O sangue entre ilhas

Conto Carlos Alberto Machado

Nos cavos fundos do mar do Oriente peregrinado pelo Fernão Mendes Pinto escondem-se tesouros e estórias que custa contar a gentes que viram pouco do mundo, porque essas gentes não têm como dar crédito ao muito que outros viram e viveram. 

Matina toldada de Primavera no canal atlântico Pico-Faial que já uniu e separou amores, ligou diferentes línguas entre continentes, se cobriu de sangue e de mitos. Navio de aço e pompa, herdeiro novo-rico da tradição de gritos e choros da travessia nas frágeis lanchas de madeira e atrevimento. A perna do cavador picaroto vai presa à ligadura solta. Soltos os fios de gaze na brisa. Babugem de gangrena. Home, pronde me levas? A maca truz-truz sai desajeitada da ambulância e galga cega o aço da “lancha” nova, trepidação zebrada do pregueado da rampa. Carne cansada, desistente, em barcaça sem direito à dignidade de um qualquer Caronte. Tou canceroso do sangue, pra qué que me levam daqui? A coisa d’aço exibe o seu poderio, a força dos êmbolos que erguem a pesada rampa bipartida, guinchante, estridente de apitos regulamentares. Em marcha, lenta, os motores civilizaram com o dinheiro deles da Europa mas é preciso poupar em combustível, poucos nós, a mesma meia-hora de travessia dos barcos velhos. Catrapum, salta a maca. Nã me deslargues, minha puta! Já falta pouco, vôzinho. Falta pouco pra quê? Não se canse, não lhe bastou já o caminho da Ponta da Ilha para a lancha? Viagem demorada, com vacas a atravancar estradas. 

Betão à vista, o cais novo da Horta, Faial, dez milhões dele. Enganaram-se no tempo, na ilha, não sabem o que querem, ninguém sabe. Mas está tudo bem. Os homens descasam-se, encomendam brasileiras pela internet, vinho de cheiro às carradas, subsídios para as vacas. Mas este ano não há Espírito Santo, coisas do Covid lá do continente. De novo o guinchar ensurdecedor da plataforma de aço. É uma distracção como outra qualquer, aquilo a descer do aço para o betão, os olhos a acompanharem a descida, sempre igual, tumba, já está! “Condutores ao cardeque!”. Cordas, cordames, roncos, maresia gasoleada. É só esta maca? É, o avozinho vai para a Hemato-Oncologia, Que desperdício. O quê? Não há ninguém lá dentro, nem uma grávida? Não, um gajo deu-lhe um stroque mas não quis vir prà Horta para depois não ficar duas semanas de quarentena no Pico, Nem as grávidas agora querem vir à Horta, Ó sôra enfermeira, olhe lá a gaze da perna do home, que se vai! Deixá-lo ir… Ruído zebrado. A gangrena.

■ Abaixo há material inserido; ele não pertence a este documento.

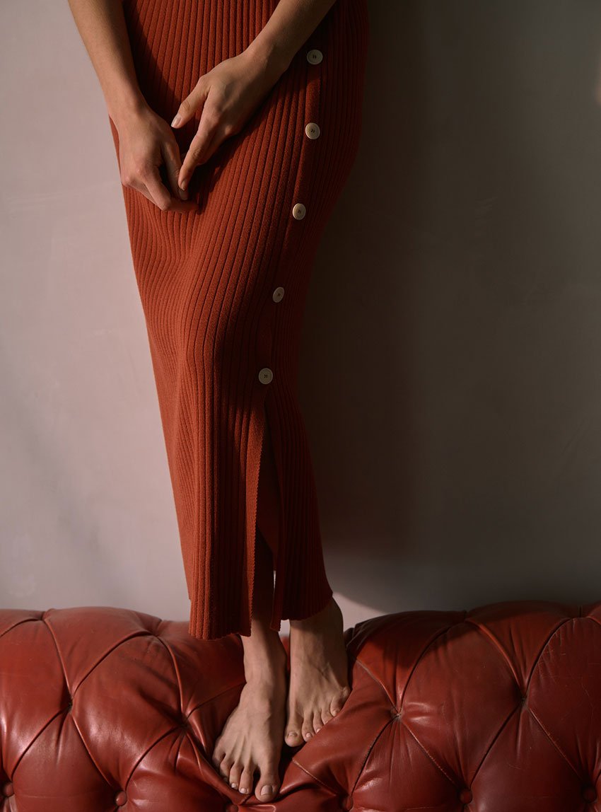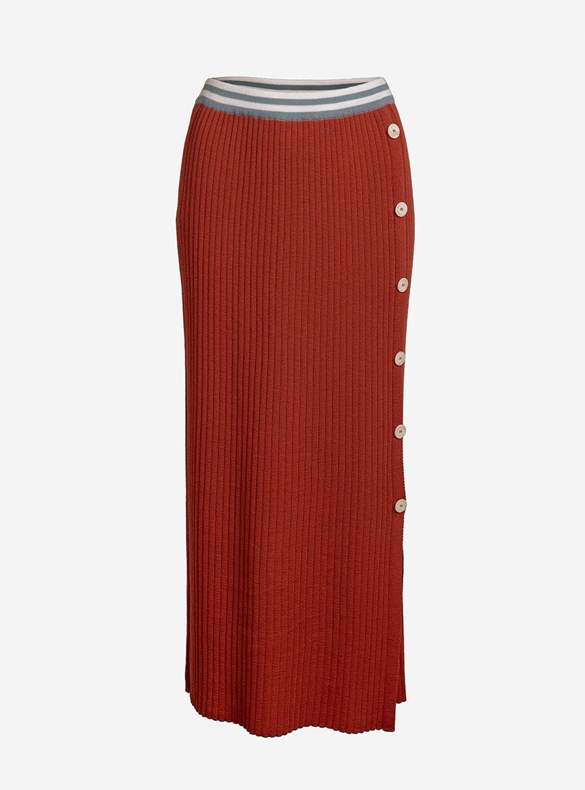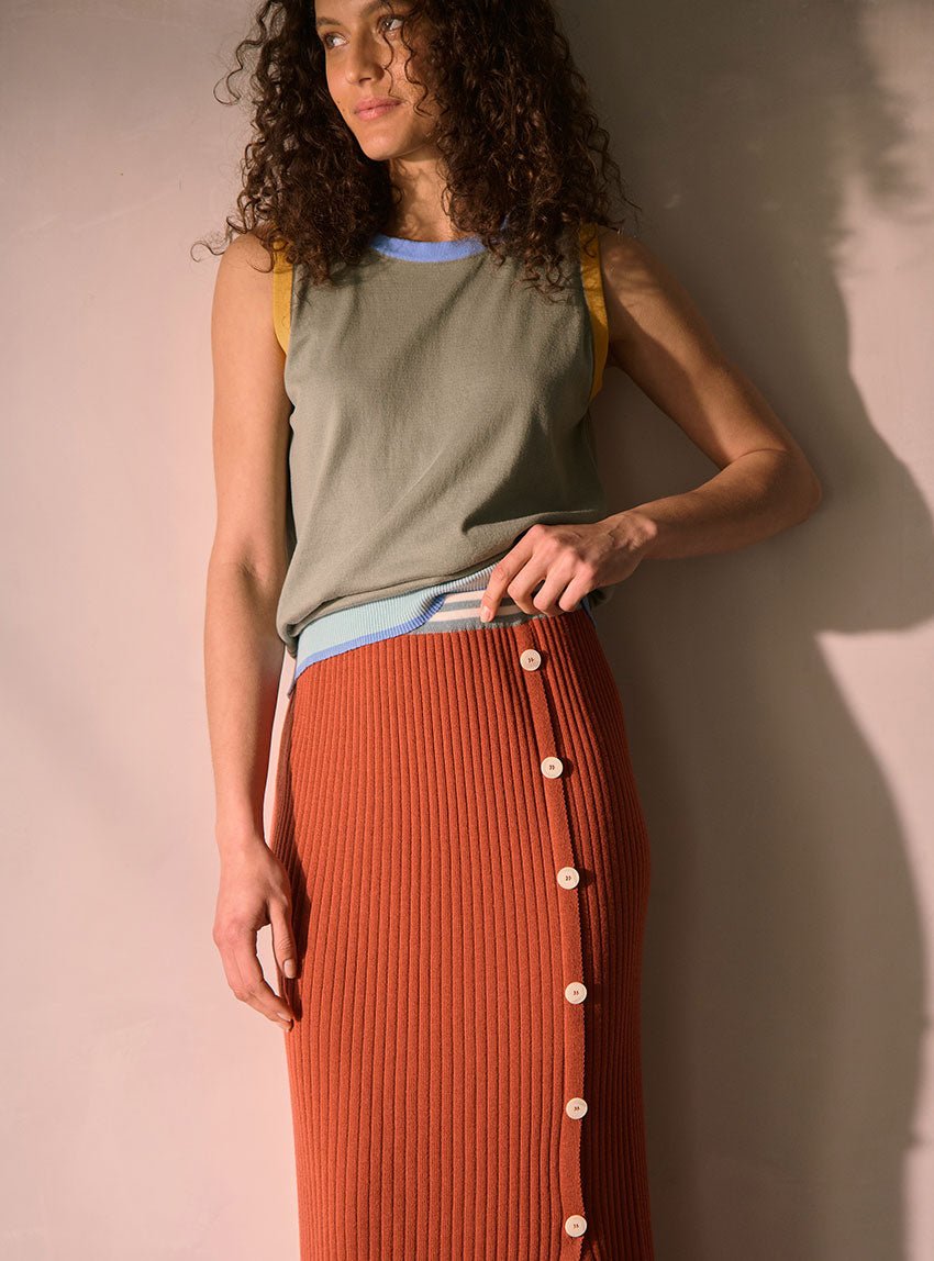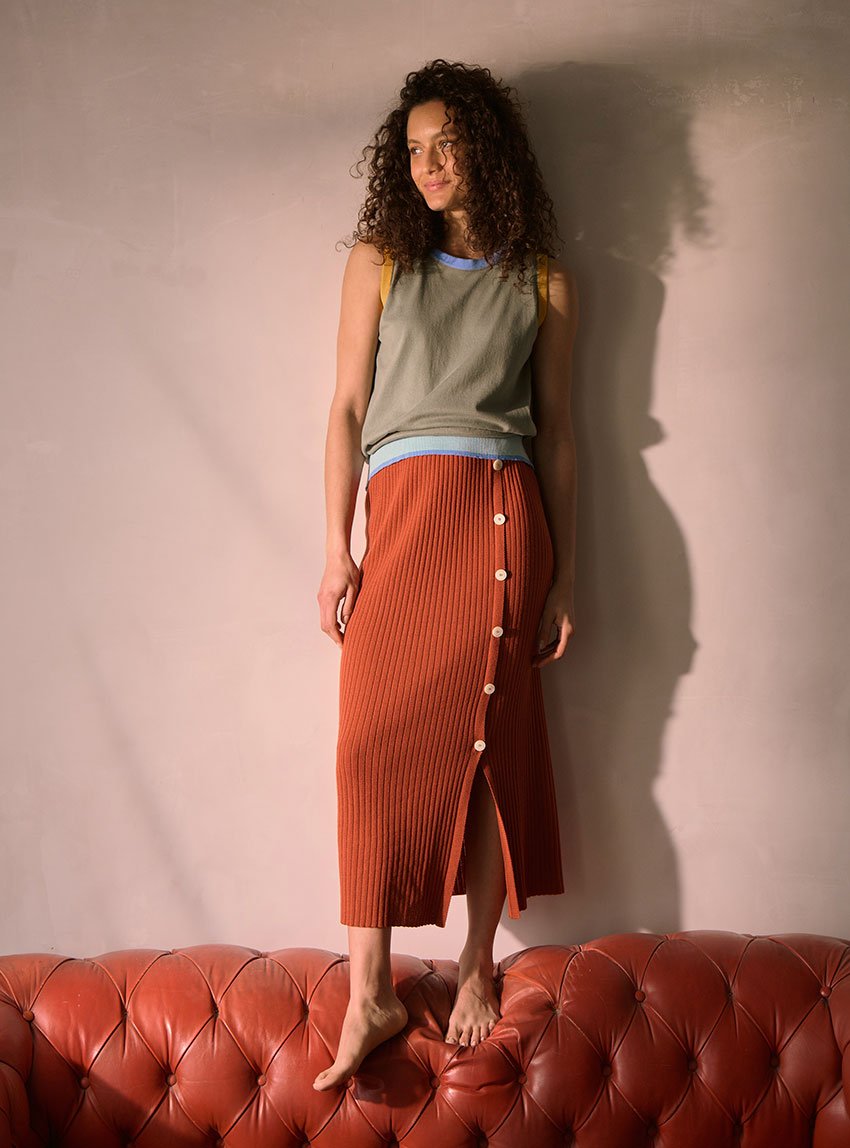 La jupe Charlotte en orange caramel affirme une silhouette longiligne grâce à sa maille en côte Richelieu, au tombé structuré et au confort enveloppant. Tricotée en 100% laine fine mérinos, elle allie technicité et douceur, jouant sur la verticalité des côtes pour élancer la ligne tout en apportant du mouvement. Sa teinte orange caramel, chaleureuse et subtilement épicée, capte la lumière avec douceur et modernité. Elle est sublimée par une ceinture tubulaire rayée violet nuit et blanc, ajoutant une note contrastée et graphique. Une seule boutonnière vient souligner la fausse patte, détail discret mais résolument mode. Une pièce singulière, pensée pour conjuguer élégance urbaine et confort feutré. Parfaite pour les journées au bureau ou les sorties en ville, la jupe Charlotte est un incontournable pour celles qui aiment marier couleur et élégance. On adore la porter avec notre pull Aglaé dans son coloris orange caramel pour un total look.

Hoje o mar tá calmo, tá comà méli, só uns carneirinhos ali pròs lados da Espalamaca, o sôr também veio de lá do Pico? O qué que’sta gaja quer? Não faça força com a mão, sossegadinho. Isso é sangue novo ou quê? Mais ou menos. Atão nã tenho dereito a bosta nova? É para ajudar o senhor a ficar como novo, Isso dói, caralho!, tou canceroso do sangue, deslarguem-me, mas é! Depois vai comer uma bolachinha e beber um copinho de leite e ficar ali deitado, sossegadinho se faz favor, que agora só há lancha de volta para o Pico ao fim da tarde, por causa do Covid, Isso é um dia do caneco!, Sossegadinho, está quase. Putas!

O sangue estancado do velho cavador vai com ele embalado pelo sobe-e-desce manso do barco mais poderoso que os mais poderosos monstros da imaginação, o entre–ilhas é um mar de sangue que faz a gente pequena, e a América deixou de ser horizonte.

Já se faz noite, agora só mais uma horita té casa, hem? Devo ter lá uma gamelada à minha espera, Pois deve, Lá me ficaram com a outra perna, quer lá ver, caralho!, Nã senhor, ainda tem as duas, Ah, tenho?, Tem… Este inferno chia que se farta e o enxofre tresanda… Depois vai ver as suas vacas… Vacas, quem é que tem vacas?